Leishmania células fueron cosechadas por centrifugación y se lavan dos veces en PBS. Tras la centrifugación, los parásitos se resuspendió en PBS y mezclado con un volumen igual de prewarmed 1,5 InCert agarosa (FMC BioProducts, Rockland). Esta mezcla se alicuotar en bloque de formadores (2 × 107 parásitos por bloque, Pharmacia). Para lyse parásitos, los bloques de agarosa fueron incubadas en 2 mg / ml de proteinasa K (1% Laurylsarkosyl, 0,5 m EDTA pH 9,0) a 37 ° C durante 48 h, y se almacena en 0,5 EDTA a 4 ° C.

PFGE se realizó a los 13 ° C en 0,25 × TBE buffer bajo las siguientes condiciones: intervall en segundos: 100-10 registro, el cambio de ángulo: -110 lin; voltaje: 200-150 log (Rotaphor, Biometra).

Saccharomyces cerevisiae cepa YPH80 cromosomas (New England Biolabs) se utilizan como normas de tamaño.

Después de la tinción con bromuro de etidio (1 μ g ml-1) y la rotura de un capítulo de 5 minutos de exposición a la radiación ultravioleta (254 nm), el gel se borró en una membrana de nylon de carga positiva (Qiagen) por transferencia alcalina [20]. La membrana se digoxigenina hibridación con una sonda marcada con CPN10. Blots se tiñeron como se ha descrito anteriormente.

La imagen digital

Primaria datos experimentales fueron digitalizados, ya sea en un scanner (Microtek Scanmaker 8700) o en un escáner de película de 35 mm (NIKON LS-4000). Fósforo de imágenes (Molecular Dynamics) se importaron directamente de datos como imágenes TIFF. Las imágenes fueron cultivadas y optimizados para la saturación del color utilizando el software Adobe Photoshop ®. Ningún filtro u otra alteración de las funciones de la imagen estaban empleados en las imágenes o partes de ellos. Las imágenes fueron combinadas con gráficos vectoriales y texto utilizando software ClarisDraw ®, versión 1.0d.

Conflicto de intereses

Los autores declaran que no tienen intereses en conflicto.

Contribuciones de los autores

FBZ-V. Realizó la clonación de CPN10, la electroforesis en gel de campo pulsado, RT-PCR, la expresión de proteínas recombinantes y producción de anticuerpos policlonales, la construcción, y el análisis de transfección CPN10:: GFP quimera, y el análisis inicial de inmunoblot.
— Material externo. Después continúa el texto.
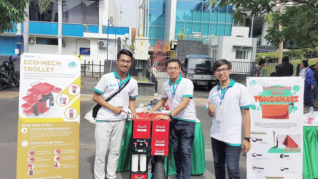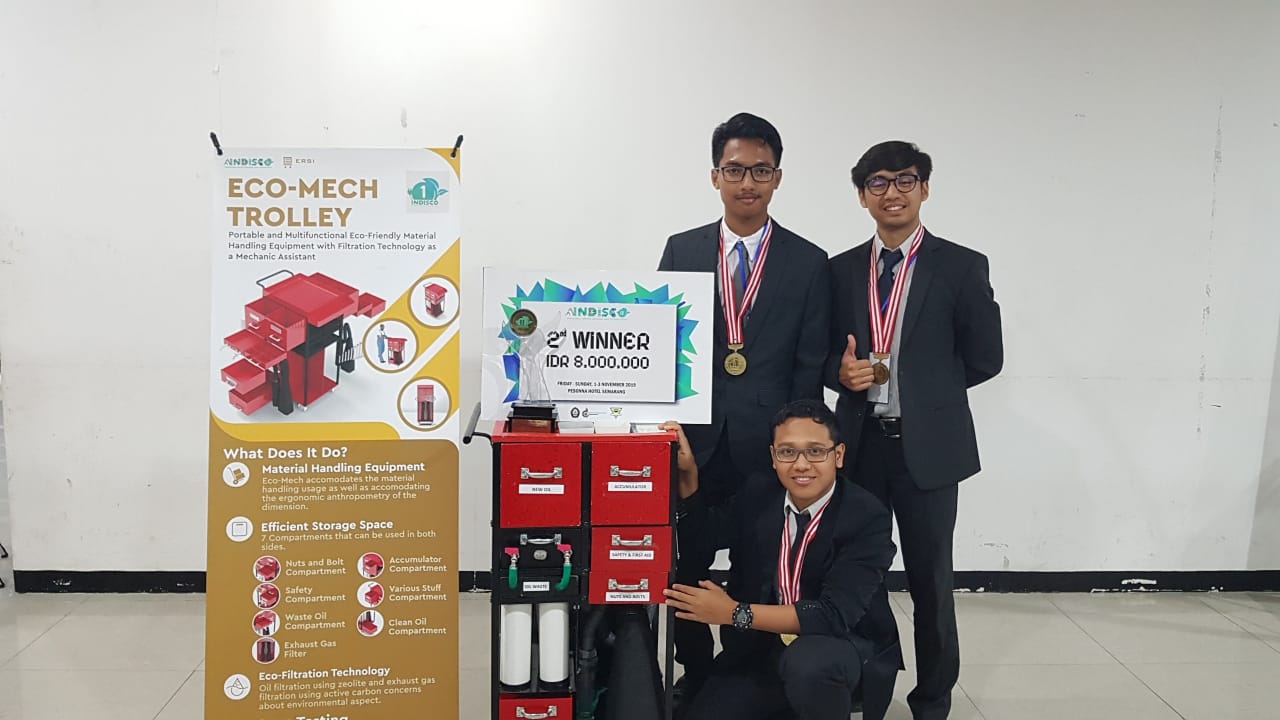 Tim Eco Mech Trolley dengan bangga memamerkan produk inovasi garapannya, berhasil meraih predikat First Runner Up dalam ajang INDISCO di tingkat ASEAN

MK realizó el microscopio electrónico inmune y experimentos adicionales inmunoblot.

DZ amplificada y caracteriza CPN10 ADN de L. donovani ADN genómico.

JC concebido en el estudio, bajo la supervisión de la ejecución y preparó el proyecto final del manuscrito.

Todos los autores participaron en la redacción del manuscrito, y leído y aprobado el manuscrito final.

Agradecimientos

Queremos dar las gracias a C. y K. Hoyer Mellenthin para el uso de las bibliotecas y cosmid DNA de consejos prácticos, T. Jacobs para ayudar con microscopía de fluorescencia, S. Krobitsch para un regalo de p426/PQ25 plásmido, y A. Macdonald para más La asistencia técnica. F. Zamora-Veyl fue un post-doctoral fellow de la Deutscher Akademischer Austauschdienst.